BEGIN Records provided

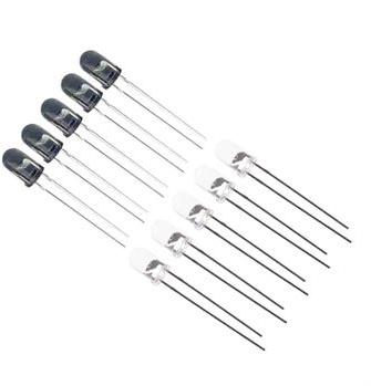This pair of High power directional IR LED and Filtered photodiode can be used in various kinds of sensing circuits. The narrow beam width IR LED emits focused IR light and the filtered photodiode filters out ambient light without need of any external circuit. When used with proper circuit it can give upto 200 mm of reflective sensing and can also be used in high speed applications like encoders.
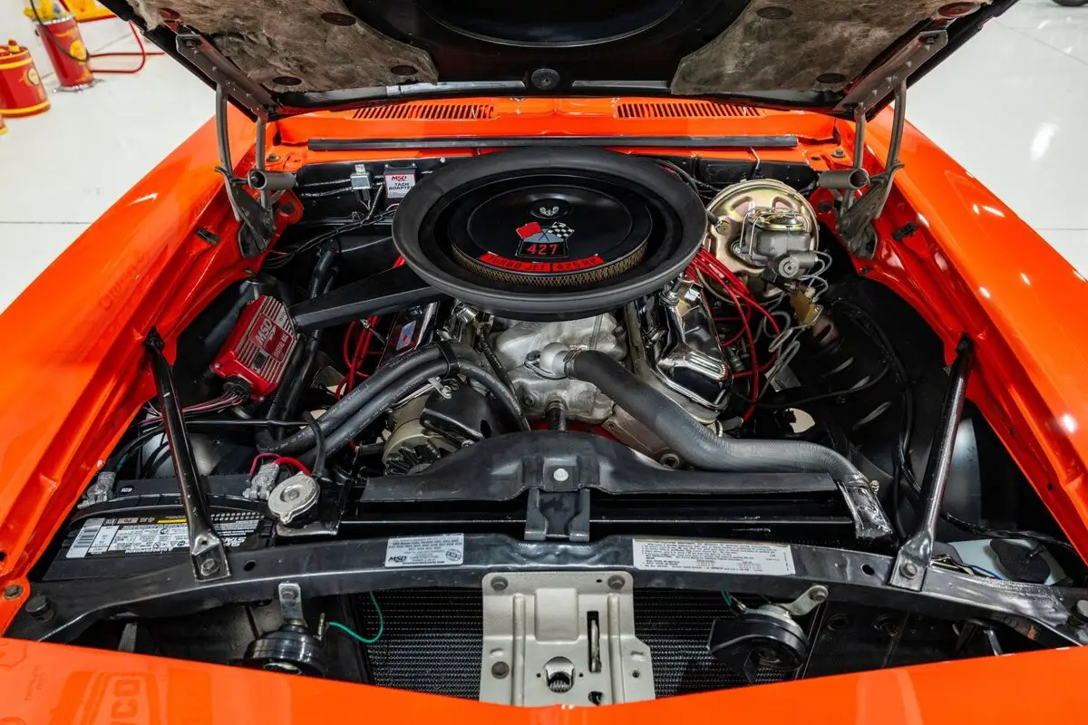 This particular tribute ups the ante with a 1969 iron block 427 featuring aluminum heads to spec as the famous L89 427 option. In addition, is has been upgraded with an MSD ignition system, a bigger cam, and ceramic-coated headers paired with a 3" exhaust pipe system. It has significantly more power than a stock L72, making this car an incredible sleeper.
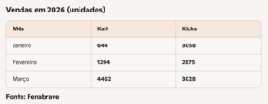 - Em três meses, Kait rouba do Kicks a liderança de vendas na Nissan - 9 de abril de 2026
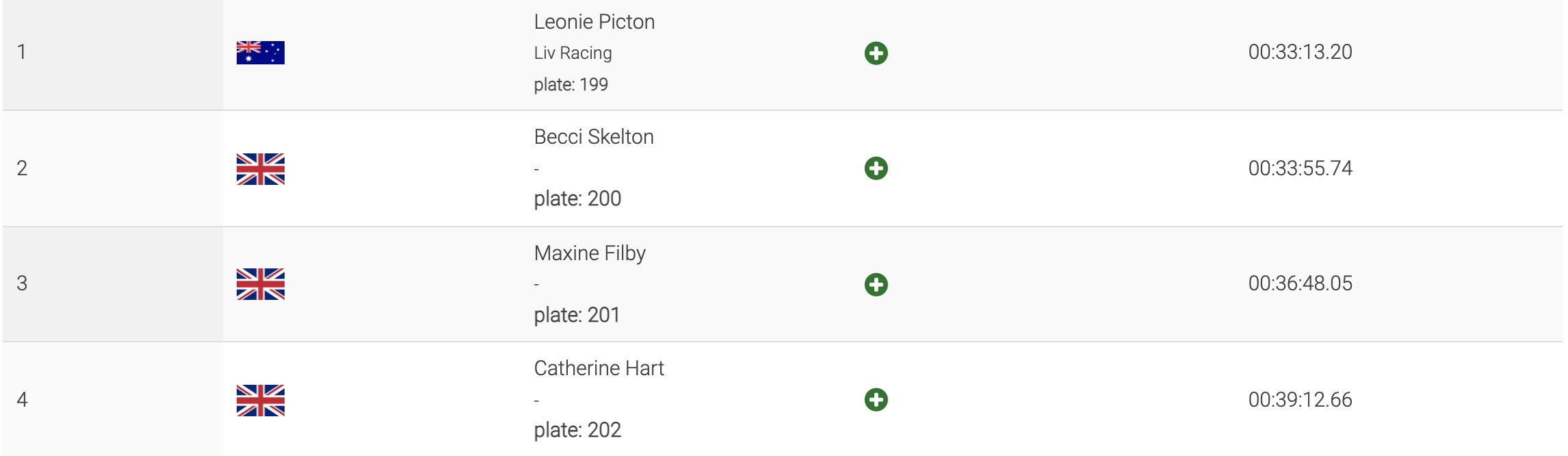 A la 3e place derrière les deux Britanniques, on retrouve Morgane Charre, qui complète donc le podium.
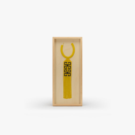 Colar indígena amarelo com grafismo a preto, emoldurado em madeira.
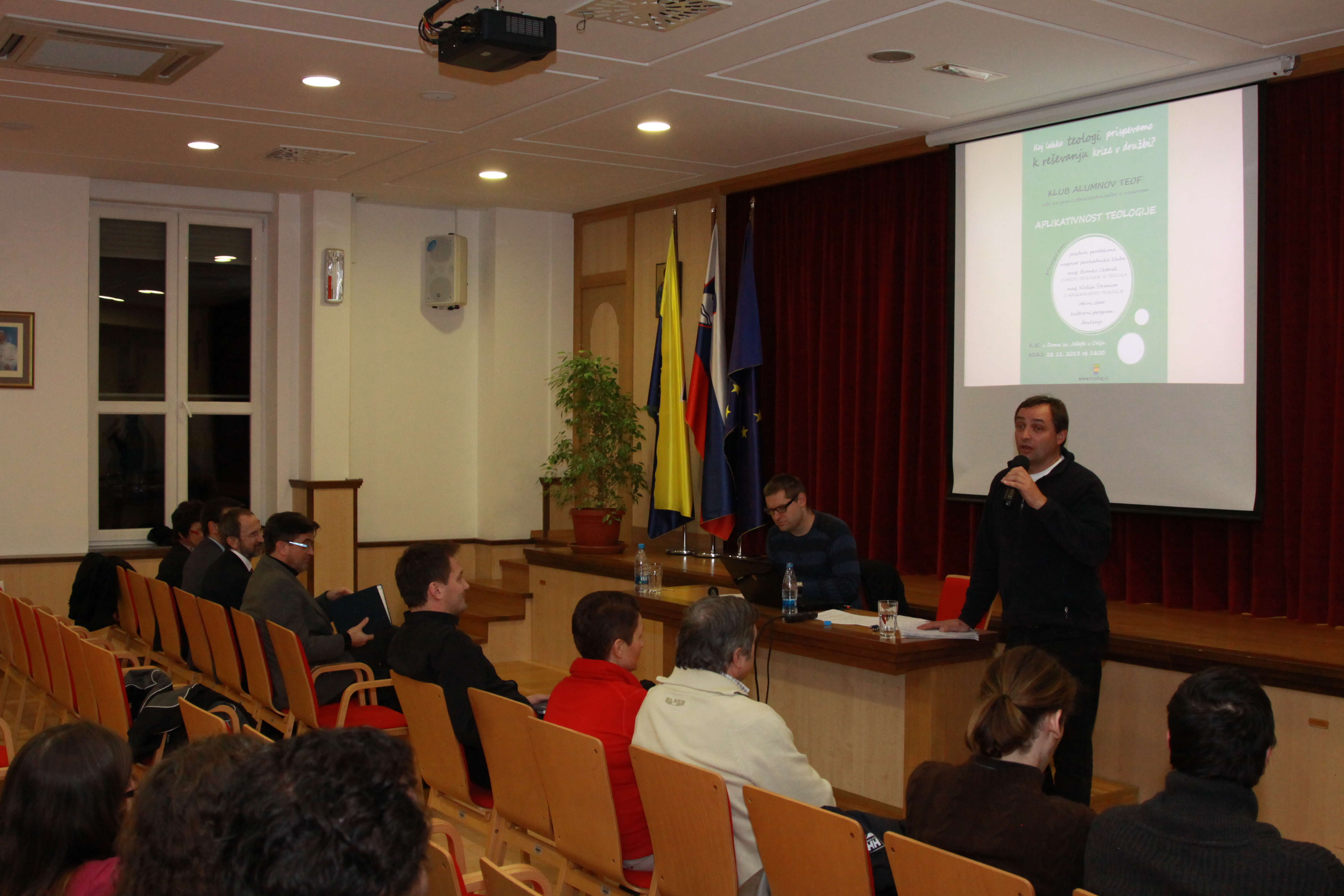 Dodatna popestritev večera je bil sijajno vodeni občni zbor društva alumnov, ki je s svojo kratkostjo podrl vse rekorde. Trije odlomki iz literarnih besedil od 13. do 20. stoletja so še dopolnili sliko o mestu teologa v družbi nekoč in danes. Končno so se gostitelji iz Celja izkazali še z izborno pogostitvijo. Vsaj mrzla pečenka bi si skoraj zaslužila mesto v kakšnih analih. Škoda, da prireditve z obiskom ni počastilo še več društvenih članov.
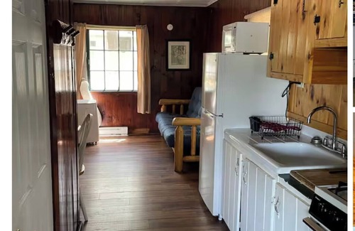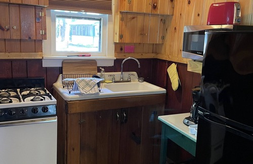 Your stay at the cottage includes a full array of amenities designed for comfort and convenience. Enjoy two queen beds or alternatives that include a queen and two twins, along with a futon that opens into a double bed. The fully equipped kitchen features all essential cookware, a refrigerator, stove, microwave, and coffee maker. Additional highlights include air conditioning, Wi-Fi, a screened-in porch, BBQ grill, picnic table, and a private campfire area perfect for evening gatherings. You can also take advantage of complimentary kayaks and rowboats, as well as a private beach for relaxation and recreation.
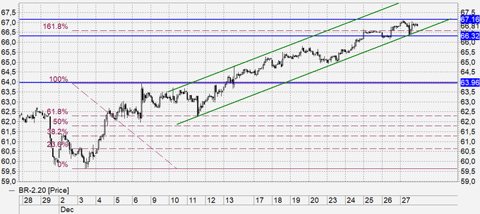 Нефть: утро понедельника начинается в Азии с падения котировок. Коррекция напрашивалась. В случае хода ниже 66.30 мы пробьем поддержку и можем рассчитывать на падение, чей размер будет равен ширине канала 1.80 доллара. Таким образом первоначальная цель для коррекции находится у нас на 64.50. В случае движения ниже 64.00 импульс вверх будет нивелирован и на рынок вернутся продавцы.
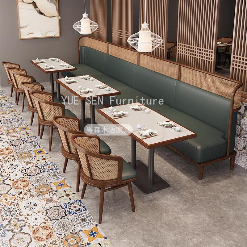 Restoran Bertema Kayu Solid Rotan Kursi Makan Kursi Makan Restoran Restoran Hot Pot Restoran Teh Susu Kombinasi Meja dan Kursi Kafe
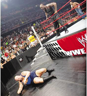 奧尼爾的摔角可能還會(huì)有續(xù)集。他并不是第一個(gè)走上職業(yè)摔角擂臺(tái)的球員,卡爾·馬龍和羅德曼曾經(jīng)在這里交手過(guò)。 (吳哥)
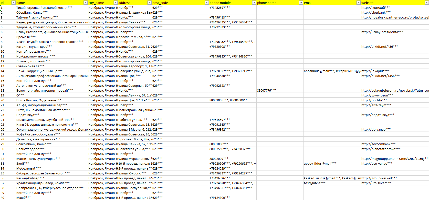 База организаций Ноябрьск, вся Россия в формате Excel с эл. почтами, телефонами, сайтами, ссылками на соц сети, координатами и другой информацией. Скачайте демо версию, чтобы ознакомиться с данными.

END Records provided
BEGIN Records provided

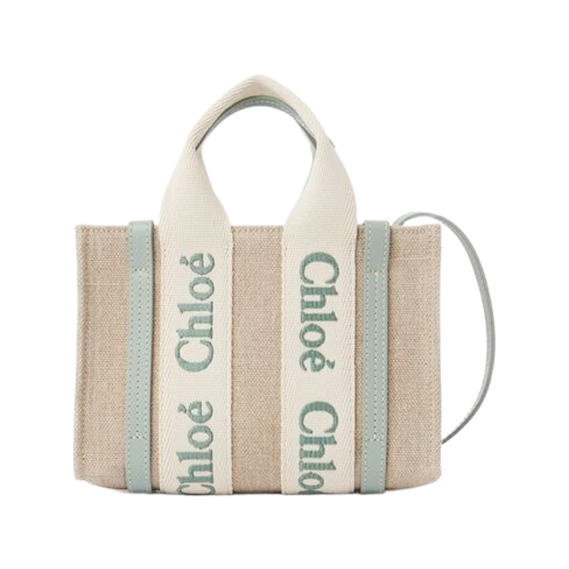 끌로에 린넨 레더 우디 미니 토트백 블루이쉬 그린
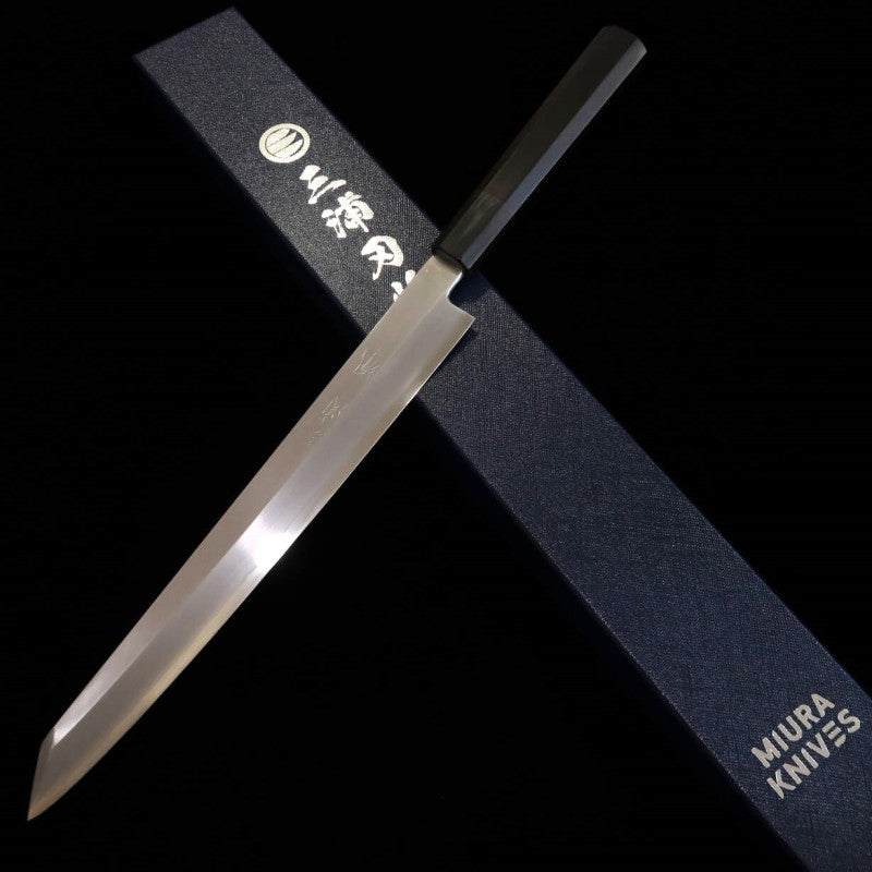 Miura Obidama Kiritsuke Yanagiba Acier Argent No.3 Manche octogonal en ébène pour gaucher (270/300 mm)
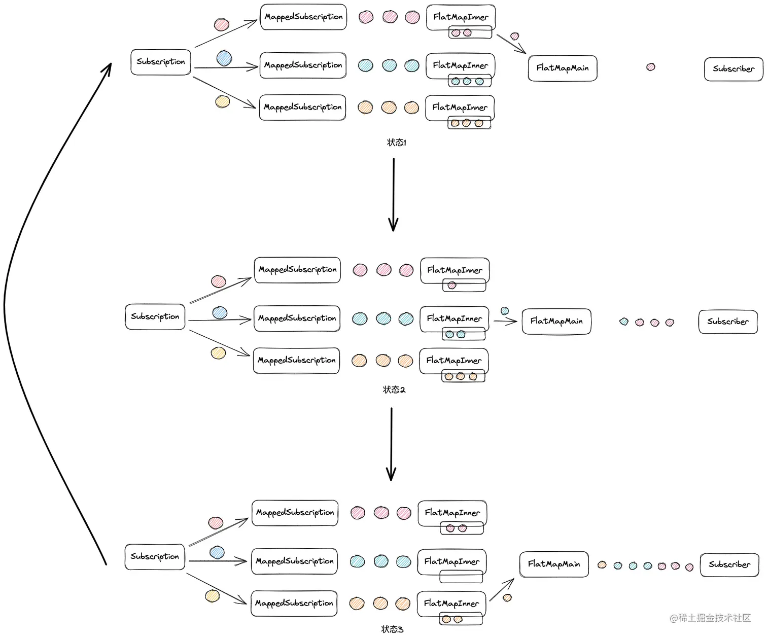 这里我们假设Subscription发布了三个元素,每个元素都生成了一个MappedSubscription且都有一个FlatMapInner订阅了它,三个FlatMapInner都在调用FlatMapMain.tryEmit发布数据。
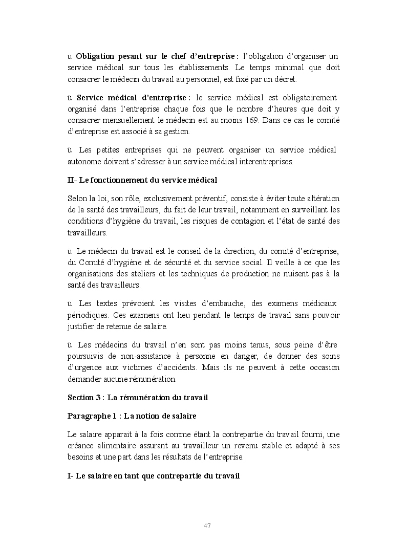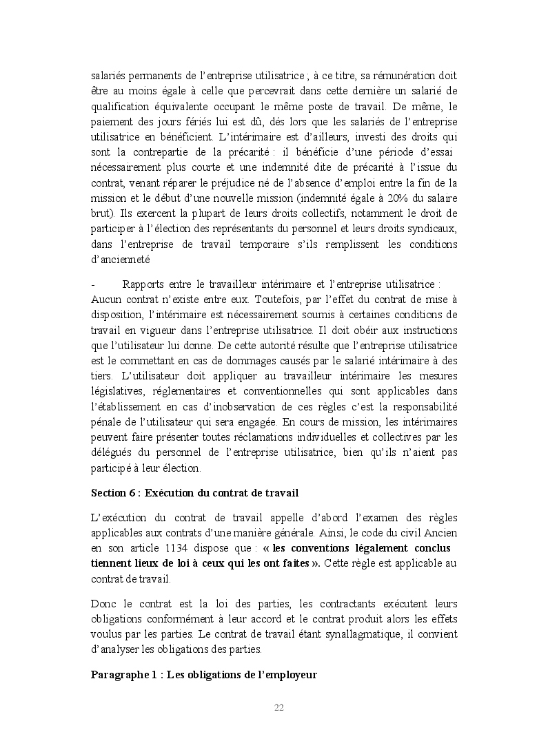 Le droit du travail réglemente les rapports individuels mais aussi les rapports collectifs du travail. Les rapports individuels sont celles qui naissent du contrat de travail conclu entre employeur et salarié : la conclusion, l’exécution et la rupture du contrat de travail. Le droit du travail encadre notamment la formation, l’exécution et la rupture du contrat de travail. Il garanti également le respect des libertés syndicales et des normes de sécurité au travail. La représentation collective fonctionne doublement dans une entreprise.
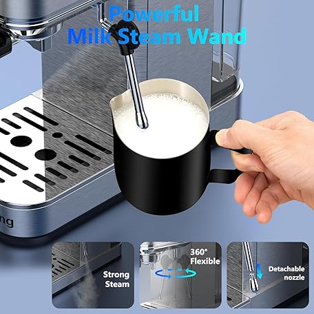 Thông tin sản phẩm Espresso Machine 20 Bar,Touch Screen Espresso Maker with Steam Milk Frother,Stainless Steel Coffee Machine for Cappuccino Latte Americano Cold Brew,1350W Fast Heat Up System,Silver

END Records provided
BEGIN Records provided

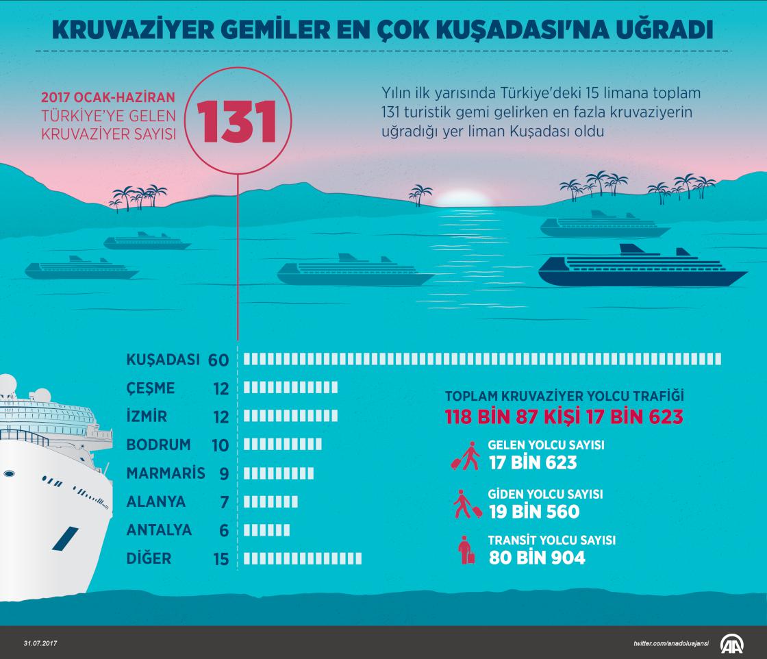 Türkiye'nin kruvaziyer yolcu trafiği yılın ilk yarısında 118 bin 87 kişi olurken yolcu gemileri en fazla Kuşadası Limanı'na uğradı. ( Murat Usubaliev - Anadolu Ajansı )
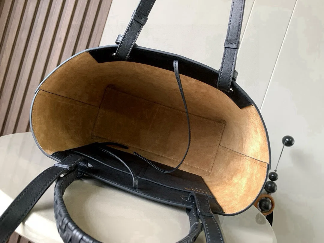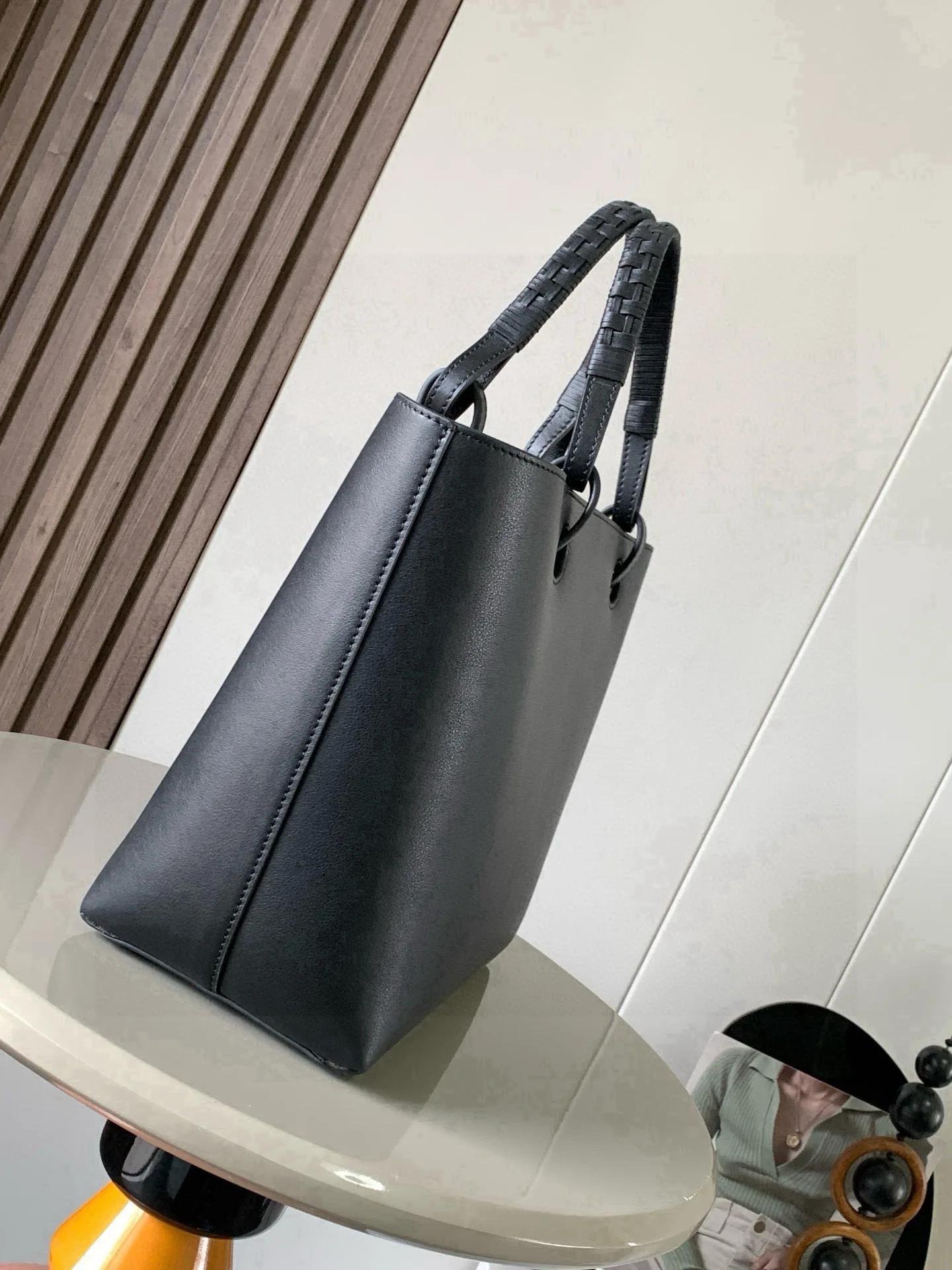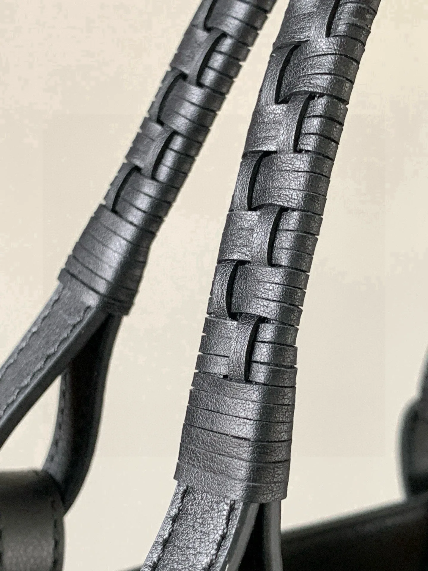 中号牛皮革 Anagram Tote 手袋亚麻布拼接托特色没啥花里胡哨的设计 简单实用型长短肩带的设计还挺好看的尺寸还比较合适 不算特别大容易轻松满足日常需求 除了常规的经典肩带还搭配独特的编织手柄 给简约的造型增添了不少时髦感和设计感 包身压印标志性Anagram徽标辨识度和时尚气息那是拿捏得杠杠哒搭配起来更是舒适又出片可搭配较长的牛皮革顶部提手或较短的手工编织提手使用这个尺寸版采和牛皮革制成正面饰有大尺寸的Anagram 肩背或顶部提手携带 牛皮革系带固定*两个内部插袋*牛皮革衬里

END Records provided

**Your instructions**
Would you copy the lines above exactly, starting with the one that has "Türkiye'nin kruvaziyer yolcu" and ending with the one that has "中号牛皮革 Anagram Tote", both included, without the pictures?

**Completed exercise**
 Türkiye'nin kruvaziyer yolcu trafiği yılın ilk yarısında 118 bin 87 kişi olurken yolcu gemileri en fazla Kuşadası Limanı'na uğradı. ( Murat Usubaliev - Anadolu Ajansı )
 中号牛皮革 Anagram Tote 手袋亚麻布拼接托特色没啥花里胡哨的设计 简单实用型长短肩带的设计还挺好看的尺寸还比较合适 不算特别大容易轻松满足日常需求 除了常规的经典肩带还搭配独特的编织手柄 给简约的造型增添了不少时髦感和设计感 包身压印标志性Anagram徽标辨识度和时尚气息那是拿捏得杠杠哒搭配起来更是舒适又出片可搭配较长的牛皮革顶部提手或较短的手工编织提手使用这个尺寸版采和牛皮革制成正面饰有大尺寸的Anagram 肩背或顶部提手携带 牛皮革系带固定*两个内部插袋*牛皮革衬里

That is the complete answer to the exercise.